▶ _WHAT TO PRODUCE_: All records below are to be transcribed exactly, with every picture left out.

(Beginning of TASK DATA)

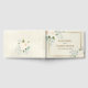 Este hermoso libro de visitas servirá como un recuerdo especial de su día de bodas. Presenta un diseño de moda boho pintado a mano con rosas acuáticos de color melocotón blanco o pálido y vegetación en el jardín con hojas de eucalipto. Hay un Relieve metalizado de imitación dorada que rodea los nombres de la pareja y la fecha boda.
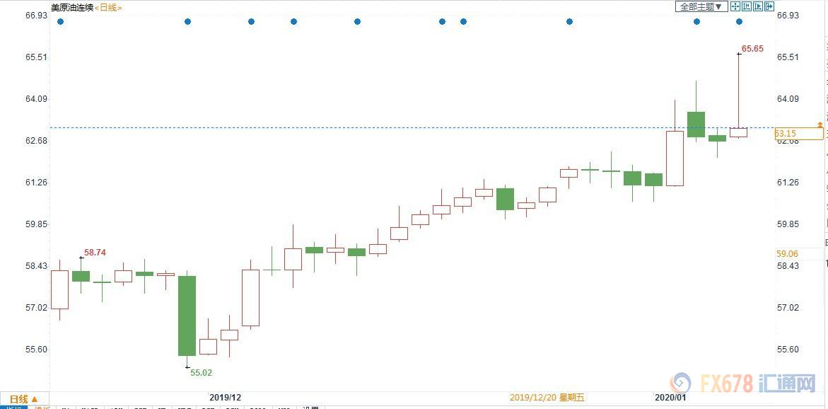 周三(1月8日)国际油价一度飙升5%至65.65美元/桶,因周三早间数十枚火箭弹袭击了伊拉克西部安巴尔省的阿萨德(Ain al-Asad)空军基地,这一位于叙利亚边境附近的空军基地驻有美军。这是伊朗针对美国采取的复仇行动,此前美国在巴格达空袭了伊朗高级军事领导人卡西姆·索莱马尼(Qassem Soleimani),导致中东局势紧张。
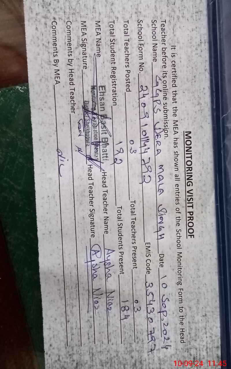 | Certified that this School was Inspected by the Undersigned MEA/DMO Today and the Information Stated Above is as Per Record. | |||||
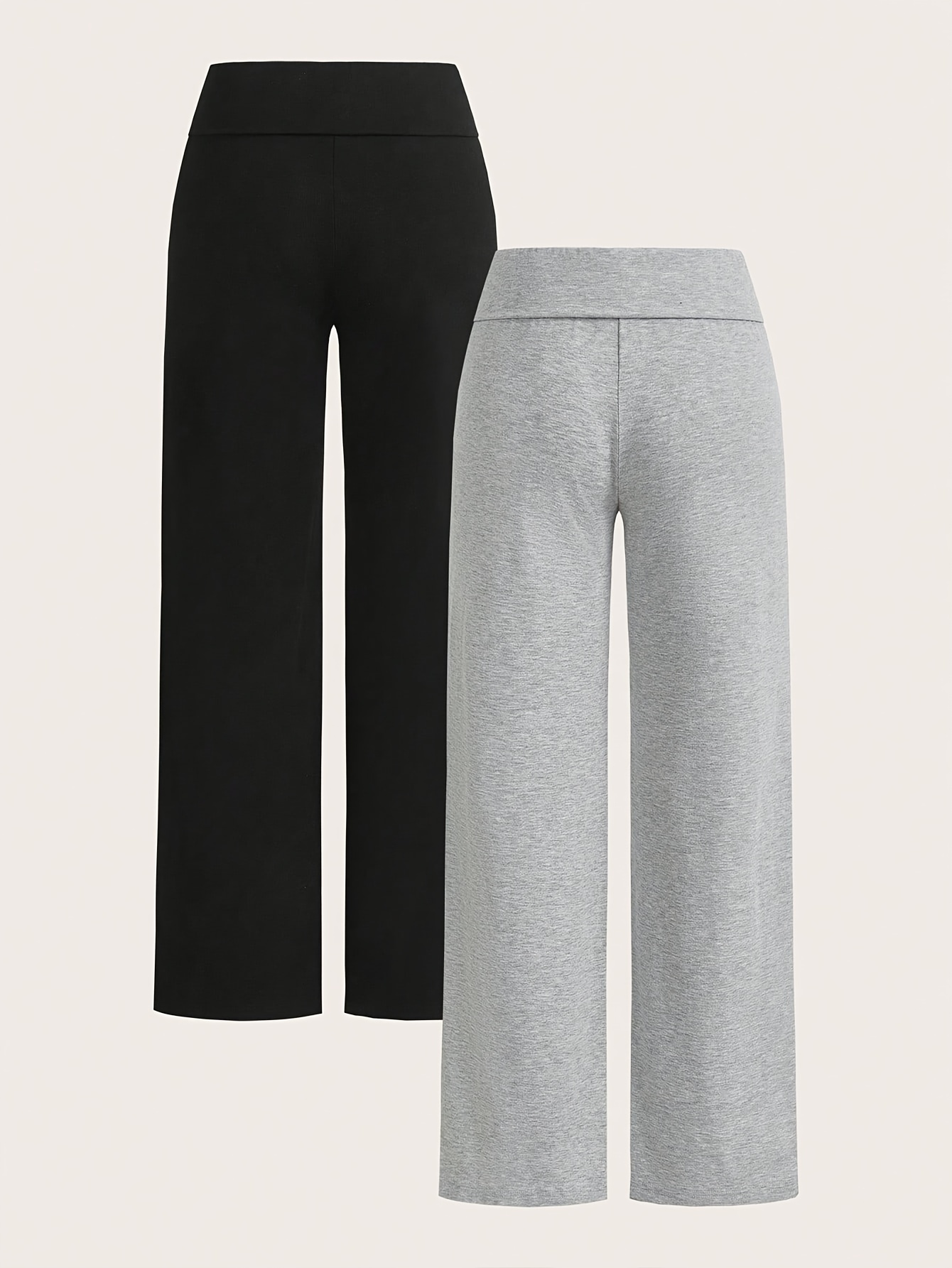 Lot de 2 Pantalons Femme – Taille Haute, Jambe Large Droite, Décontracté et Confortable, Tous Saisons
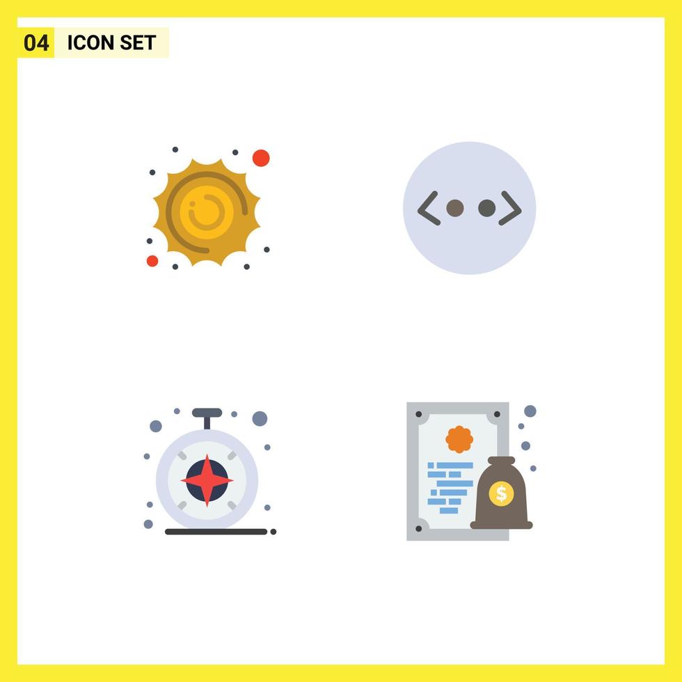 Mobile Interface Flat Icon Set of 4 Pictograms of sun safari space html diploma Editable Vector Design Elements
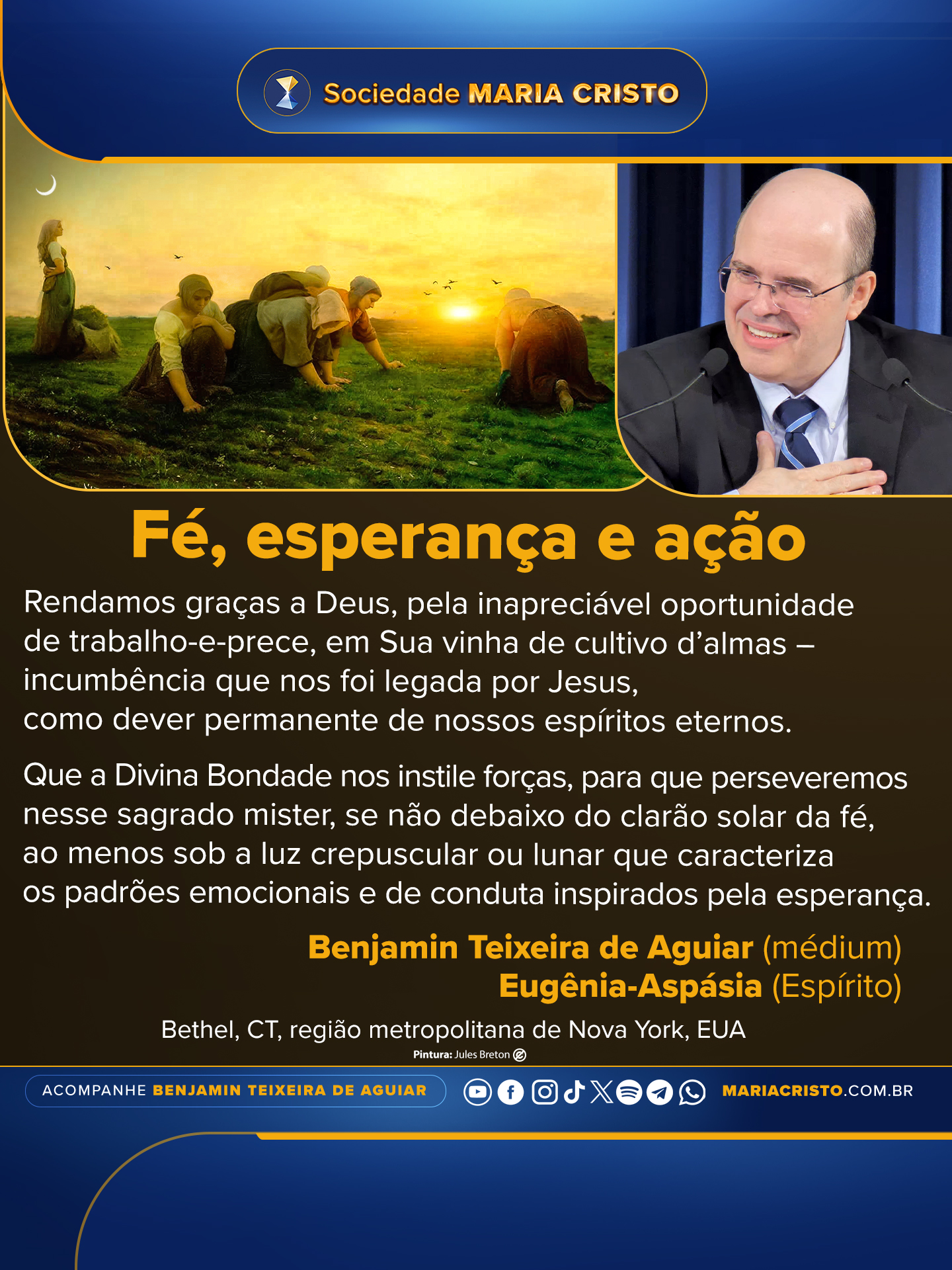 Que a Divina Bondade nos instile forças, para que perseveremos nesse sagrado mister, se não debaixo do clarão solar da fé, ao menos sob a luz crepuscular ou lunar que caracteriza os padrões emocionais e de conduta inspirados pela esperança.

(End of TASK DATA)

▶ _TASK RESULT_:
 Este hermoso libro de visitas servirá como un recuerdo especial de su día de bodas. Presenta un diseño de moda boho pintado a mano con rosas acuáticos de color melocotón blanco o pálido y vegetación en el jardín con hojas de eucalipto. Hay un Relieve metalizado de imitación dorada que rodea los nombres de la pareja y la fecha boda.
 周三(1月8日)国际油价一度飙升5%至65.65美元/桶,因周三早间数十枚火箭弹袭击了伊拉克西部安巴尔省的阿萨德(Ain al-Asad)空军基地,这一位于叙利亚边境附近的空军基地驻有美军。这是伊朗针对美国采取的复仇行动,此前美国在巴格达空袭了伊朗高级军事领导人卡西姆·索莱马尼(Qassem Soleimani),导致中东局势紧张。
 | Certified that this School was Inspected by the Undersigned MEA/DMO Today and the Information Stated Above is as Per Record. | |||||
 Lot de 2 Pantalons Femme – Taille Haute, Jambe Large Droite, Décontracté et Confortable, Tous Saisons
 Mobile Interface Flat Icon Set of 4 Pictograms of sun safari space html diploma Editable Vector Design Elements
 Que a Divina Bondade nos instile forças, para que perseveremos nesse sagrado mister, se não debaixo do clarão solar da fé, ao menos sob a luz crepuscular ou lunar que caracteriza os padrões emocionais e de conduta inspirados pela esperança.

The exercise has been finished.